Credit:  Tom Dotan, The Sacramento Bee, www.sacbee.com 25 December 2011 ~~

Margaret and Ian Anderson have made a living for decades dry-land farming and raising sheep and cattle on their Montezuma Hills ranch.

Now they have a new, very different crop: the wind. Harvesting the breeze that blows through their thousand-acre piece of the Sacramento-San Joaquin Delta has altered their lives and landscape in return for new financial security.

The Andersons have 17 new wind turbines on their ranch, each generating 1.5 megawatts of electricity. Utility roads that service the turbines cut through their land, making farming inconvenient and more expensive. Plant diseases are a greater concern now, as crop dusters can’t fly near the towers.

And then there’s the look.

By day their outline changes the horizon; from base to the highest blade each unit is almost twice the height of the Statue of Liberty. At night the dozens of blinking red lights atop the turbine make the sky look like an intergalactic truck stop.

They can also let a landowner pocket up to $20,000 per unit annually.

For landowners accustomed to the business of farming, taking on this new venture was fraught with ambivalence.

“I truly hate the look of the turbines,” Margaret Anderson said. “But I do have to be very careful about what I say, because we benefit financially from them.”

Ian Anderson said the money from the wind energy has given a level of comfort he never had before as a farmer. Royalties from the energy have helped put both their kids through college.

“It’s hard work to create a middle-class life as a farmer, and this wind money has helped us pay off our land and put us a bit closer to retirement.”

Powerful north winds that gust through the rolling hills of the Delta near Rio Vista make it an ideal site for a fast-spreading crop of turbines.

Energy companies, fueled in part by government incentives for renewable projects, are looking to expand their fleet of turbines and are willing to pay top dollar to ranchers for the space to build them.

The turbines on the Andersons’ land are part of the 50 that Enxco, an affiliate of French power giant EDF Group, is erecting in their latest project in the Montezuma Hills. When finished, it will produce 100 megawatts of renewable energy that will be sold to Pacific Gas and Electric Co.

Changing landscape

Across California, wind projects like these are popping up as the state tries to meet the goal of getting one-third of its power fueled by renewable sources.

In the first half of the 2011, the number of turbines installed surpassed 2010’s total and is enough to power 850,000 homes. There are currently 597 new turbines under construction, according to the American Wind Energy Association.

A report by the National Renewable Energy Laboratory predicts that California’s wind resources could power 40 percent of the state’s needs.

As energy companies race to capitalize on the funds that subsidize renewable power, they are beginning to change the economics of one of California’s oldest ways of life, ranching.

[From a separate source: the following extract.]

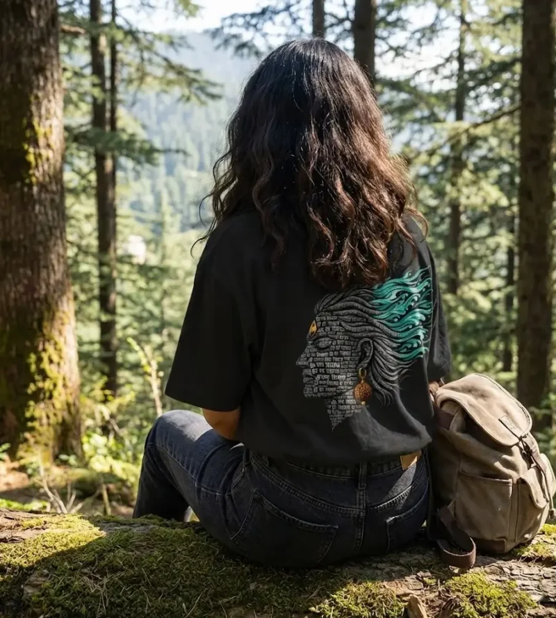 Scripture meets silhouette. A bold spiritual statement piece capturing the essence of Mahadev.

For each of the turbines installed, the energy company works out a deal for an easement on the landowner’s property that pays them a regular fee for a 3-acre lot as well as a fixed royalty percentage for the power they sell to the utility.

Like the Andersons, many farmers had reservations about the changes to their business and to their landscape. But the money has overwhelmed many critics.

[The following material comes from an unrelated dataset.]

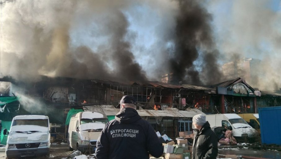 У КИНЕСКОМ тржном центру који се налази у Блоку 70 на Новом Београду јутрос је поново избио велики пожар.

“There were a few holdouts at first, mostly people who like the hills the way they are,” said Tim Calahan, a project manager at Enxco. “But the problem is, with so many neighbors getting turbines, you’re looking at them anyway. Even the most reluctant people are coming around.”

As partners who come from different worlds, energy companies and ranchers maintain a cordial but tense relationship. Many in the Montezuma Hills complain about Enxco workers leaving gates open and allowing the livestock to wander into other properties.

One rancher recalled an instance when an open gate caused all of her cattle to go astray, requiring many hours and extra hands to corral them. When she presented Enxco with her grievances, they wrote her a check covering the entire cost.

Like them or not, the numbers make any misgivings about having a power plant on the property an easy financial choice for a farmer.

“Without having to be fully dependent on farm income, we’ve been able to sleep nights,” said Margaret Anderson.

Though it depends heavily on the type of crops planted, the average acre of non-irrigated farmland pulls in one-tenth the cash of a wind turbine, according to figures from the U.S. Department of Agriculture.

Turbines “effectively doubled the value of our land,” said Ian Anderson.

Hemming in the range

And yet, there is a real sense of conflict for rural landowners who face the reality that land is just more valuable not with crops but with turbines.

Giving up land space for energy means a move away from food production – a tough sell for farmers and a shift with broader implications.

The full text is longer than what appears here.